En matière de littérature actuelle, mon expertise se situe plutôt du côté des Américains. Je pense notamment aux oeuvres de David Foster Wallace, Jonathan Safran Foer, Dave Eggers, Nicole Krauss, Don Delillo ou Robert Coover, qui savent reproduire dans la fiction l'expérience cognitive de l'hypertexte. Le roman Infinite Jest, de Wallace, est riche de plus 1080 pages, dont une centaine est constituée exclusivement de notes en annexe. L'auteur y interroge de fond en comble les médiums du divertissement dans la société contemporaine. De surcroît, ce type d'ouvrage intimidant par son format physique - dans certains cas, on dirait qu'on se sauve avec un morceau du pavé - arrive à se tailler une place parmi les listes de best-sellers aux États-Unis.

Mais, bon, vous ne craignez pas, vous non plus, la disparition du livre comme tel. Et j'espère que vous me pardonnerez de me laisser hérisser le poil quand on me cite un auteur moderne comme argument dans un débat concernant, en tout et pour tout, la société actuelle. Oui, le texte est texture, il est physique, spatial. Mais il faut savoir que pour certains le plaisir du texte comme parcours cognitif est bel et bien réel et palpable, même sur Internet.

Sincèrement,



William S. Messier

étudiant à la maîtrise en littérature à l'UQAM
auteur de "Townships, récits d'origines" éd. Marchand de feuilles

1 commentaire:

Catherine a dit...

Après notre discussion, j'ai repensé à un livre que j'ai déjà lu: Close Reading New Media : Analyzing Electronic Literature. Avant toute chose, l’essai affirme qu'il existe une certaine littérature électronique qui répond au principe d’hypertextualité, principe au coeur de l’ensemble de son argumentation. Cette hypertextualité modifie profondément le rôle du lecteur qui de passif devient actif et créateur alors qu’il est appelé à choisir son trajet – unique – parmi les possibilités textuelles.

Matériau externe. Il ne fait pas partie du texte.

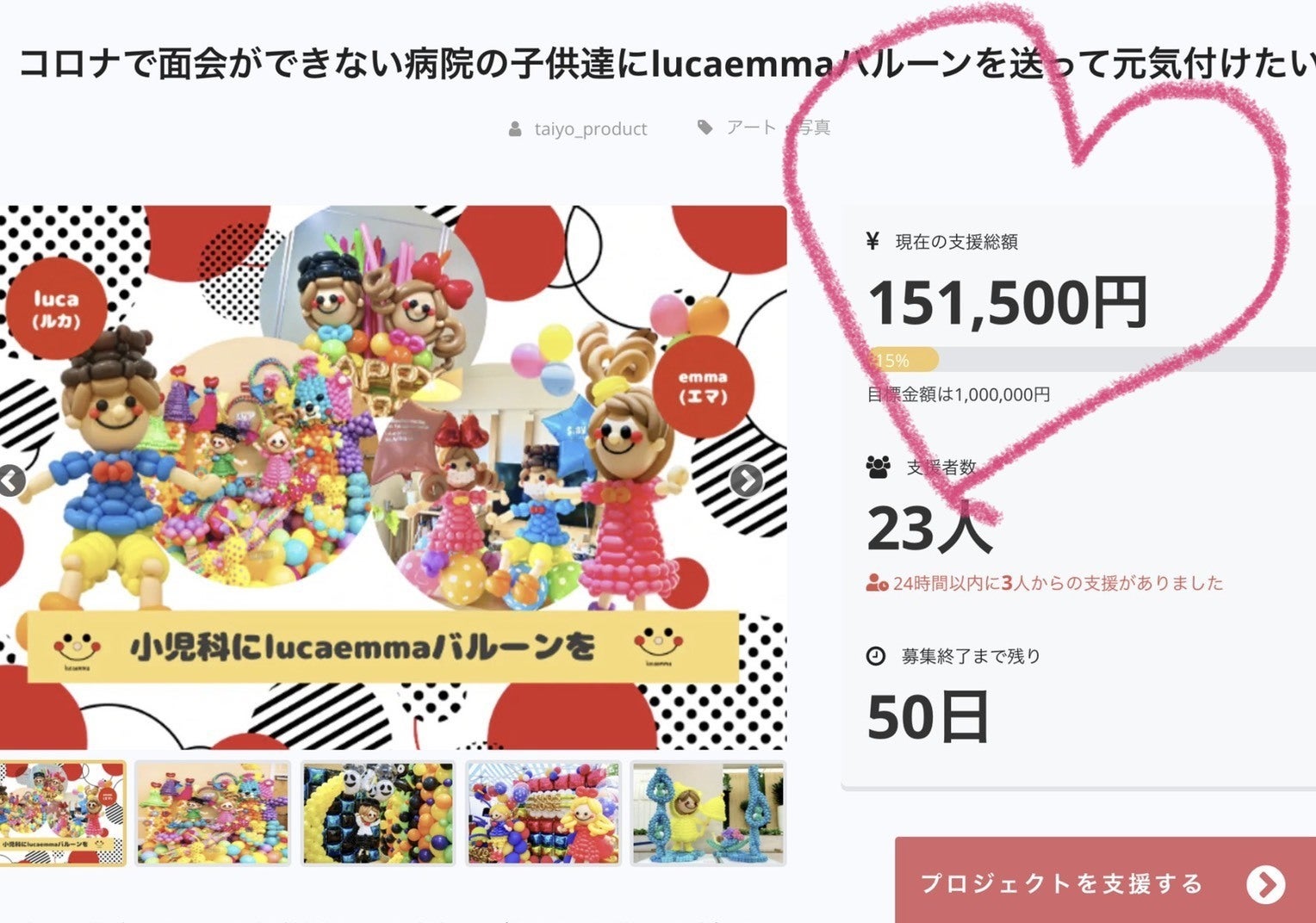 プロジェクト達成し、病院にいる子どもたちにたくさんの笑顔を届けられるように頑張ります!ぜひ最後まで応援よろしくお願いします!!!

Il existe sur internet une nouvelle façon de concevoir la littérature, la lecture et le texte. On n'est pas moins intelligent (!) parce qu'on se prête au jeu et qu'on choisit de naviguer à travers un monde infini de textes. Et, comme le disait Alexie, ça ne nous empêche pas non plus de retourner aux grosses briques. Pour le plaisir de la lecture rigoureuse, certes. Mais aussi pour la beauté de l'objet.